Rien de méchant, juste une pointe d'étonnement et d'agacement. June ouvrit les yeux avec surprise. Elle s'attendait à tant de haine, à tant de rancœur, que sur le coup, elle se demanda s'il ne l'avait pas oubliée. Penché au-dessus d'elle, il la toisa du regard comme si elle revenait d'entre les morts. Mais June se refusait d'envisager la possibilité qu'il l'avait oublié. Il lui fit signe de se redresser et son cœur de serra doucement. Non, c'était bien lui, elle en était absolument certaine. Toutefois, il n'avait plus tellement l'apparence effrayante qu'il avait il y a de cela quelques mois. Toujours chauve, certes, il possédait pourtant un nez désormais et des yeux d'un bleu tellement intense que June en fut perturbée. Elle avala sa salive et se redressa, pataude.

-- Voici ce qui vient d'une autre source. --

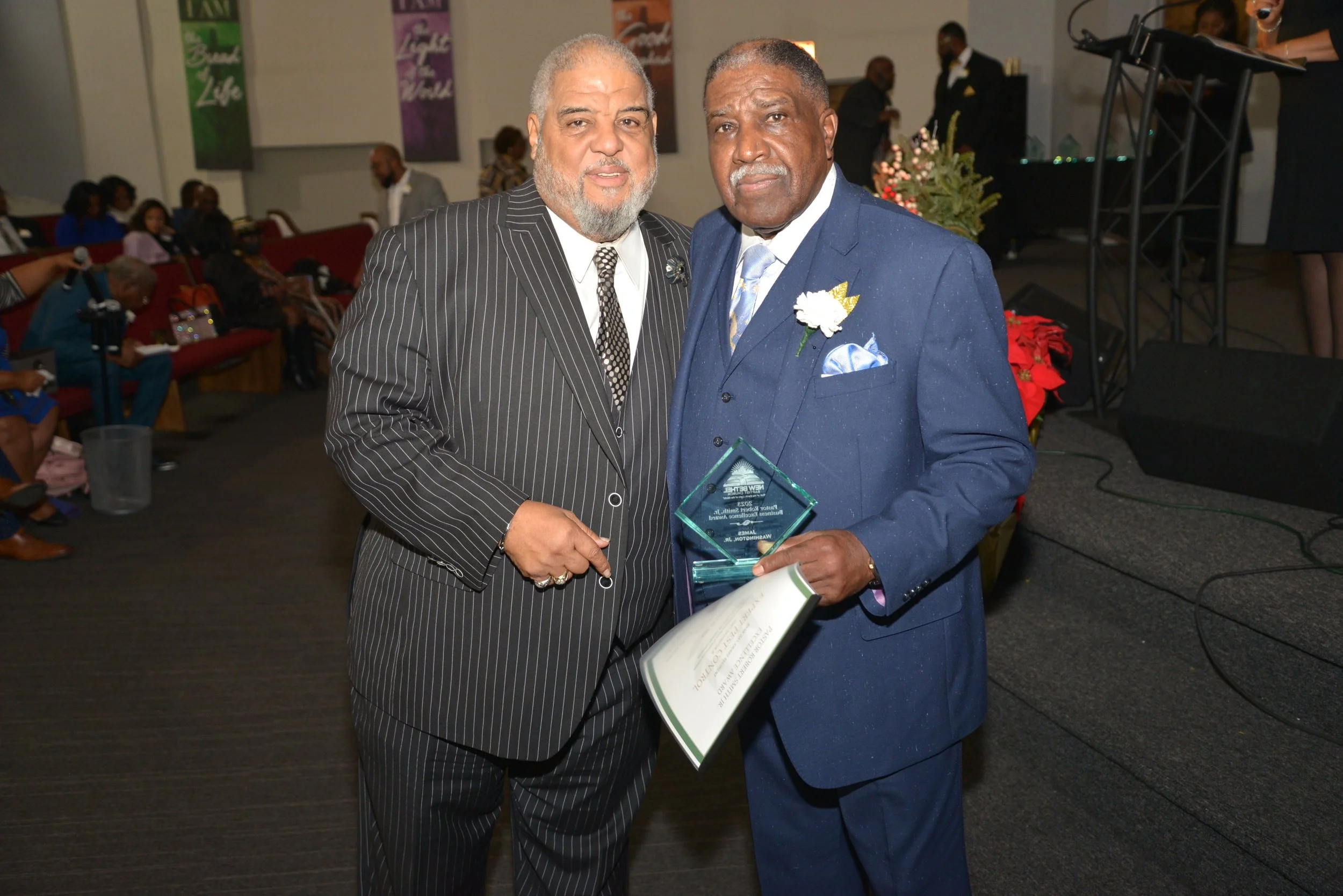 Two men in suits at an award ceremony, one holding a glass award and certificate, standing in a crowded event space with people and stage in the background.

« - Je suis... Je suis désolée. »

Elle hésita. Des excuses, s'il était le vrai Voldemort, il a déjà dû en entendre des tonnes. Les siennes étaient terriblement sincères. Il faut dire qu'elle était tout à fait navrée de la tournure des événements. Si elle avait réfléchi deux minutes, même s'il était fou, elle serait restée à ses côtés. Et quand bien même elle aurait sombré dans sa folie, ils auraient été deux à vivre cette escapade hors de la réalité.

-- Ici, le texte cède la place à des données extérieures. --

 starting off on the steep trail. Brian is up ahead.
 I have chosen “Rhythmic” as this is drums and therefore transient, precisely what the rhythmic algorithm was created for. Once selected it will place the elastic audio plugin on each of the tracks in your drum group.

« - Je n'ai que faire de tes excuses. »

Il se détourna et d'un air souverain, il s'éloigna. Si le cœur de la brune se sentait briser, elle ne pouvait s'empêcher de jubiler. La voilà donc, cette confirmation. Lui, Celui-Dont-On-Ne-Doit-Pas-Prononcer-Le-Nom ne l'avait pas du tout oubliée. Portée par l'envie de vivre la sensation grisante qu'elle avait vécu le temps d'une nuit, elle fit quelques pas et attrapa l'homme par ce qui semblait être un bout de la cape rattaché à sa robe. Il la foudroya à nouveau du regard mais elle l'ignora, s'en contentant presque. June se rapprocha, indécise, incapable de savoir quoi faire ou quoi dire. Après une légère hésitation, elle décida finalement de jouer le tout pour le tout

« - J'aimerais vraiment me racheter auprès de vous. »

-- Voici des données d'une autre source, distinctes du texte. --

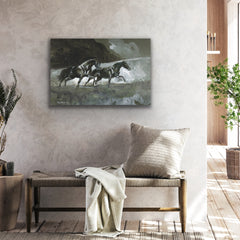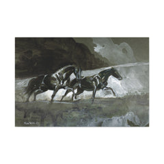 Acrylic painting of two Andalusian horses striding in the wilderness.

Il éclata en un rire magistral et moqueur. Dans une autre situation June aurait pu s'en vexer, mais elle ne bougea pas d'un pouce. Sa sincérité déconcertante ne devait pas être prise pour une sorte de plaisanterie. Il dû s'en rendre compte car il se calma, sans toutefois se défaire de cet horrible sourire qui lui déformait le visage. Il attrapa brusquement le col du pull de June d'une main et attira son visage vers lui. Il l'observa, lentement, presque délicatement, puis d'une voix qu'elle ne lui connaissait pas, il chuchota

« - Un Avada Kedavra serait peut-être le meilleur moyen ?

- D'accord. »

Si June avait pris le temps de réfléchir, elle n'aurait peut-être pas été aussi encline à mourir. Mais comme hypnotisée par le regard glacial qu'il ne cessait de lui lancer depuis le début de leurs retrouvailles, elle avait tout bonnement arrêté d'écouter son cerveau. Cette réponse, bien que très étrange, sembla susciter de la fascination chez l'homme, qui perdit soudainement son sourire narquois pour se contenter de l'observer, comme s'il cherchait à déchiffrer ce qu'elle pouvait bien avoir derrière la tête. Il la relâcha finalement, se détournant d'elle et la laissant là, bête et pataude. Elle cligna des yeux et se mordit la lèvre. Était-ce là la fin d'un rêve qu'elle a tenté par tous les moyens de retenir ? Elle eut envie de pleurer, comme une pauvre créature torturée et déchirée. La nuit tombant, assombrit le tableau si funeste du destin de la jeune femme alors que la réalité semblait reprendre le contrôle de la situation. Il la regarda une dernière fois et avec un sourire charmant, il s'adresse enfin à elle

« - J'ai une dizaine de terrariums à nettoyer avant la fin de la semaine et personne pour le faire gratuitement. C'est horrible, non ? »

Elle sourit dans la nuit alors que son cœur explosait. Elle reviendrait, elle reviendrait vers lui, pas pour se racheter, pas pour se faire pardonner, mais simplement parce qu'elle en avait cruellement envie. Parce qu'avec lui, elle devenait quelqu'un de nouveau. Ce quelqu'un qu'elle avait toujours souhaité être.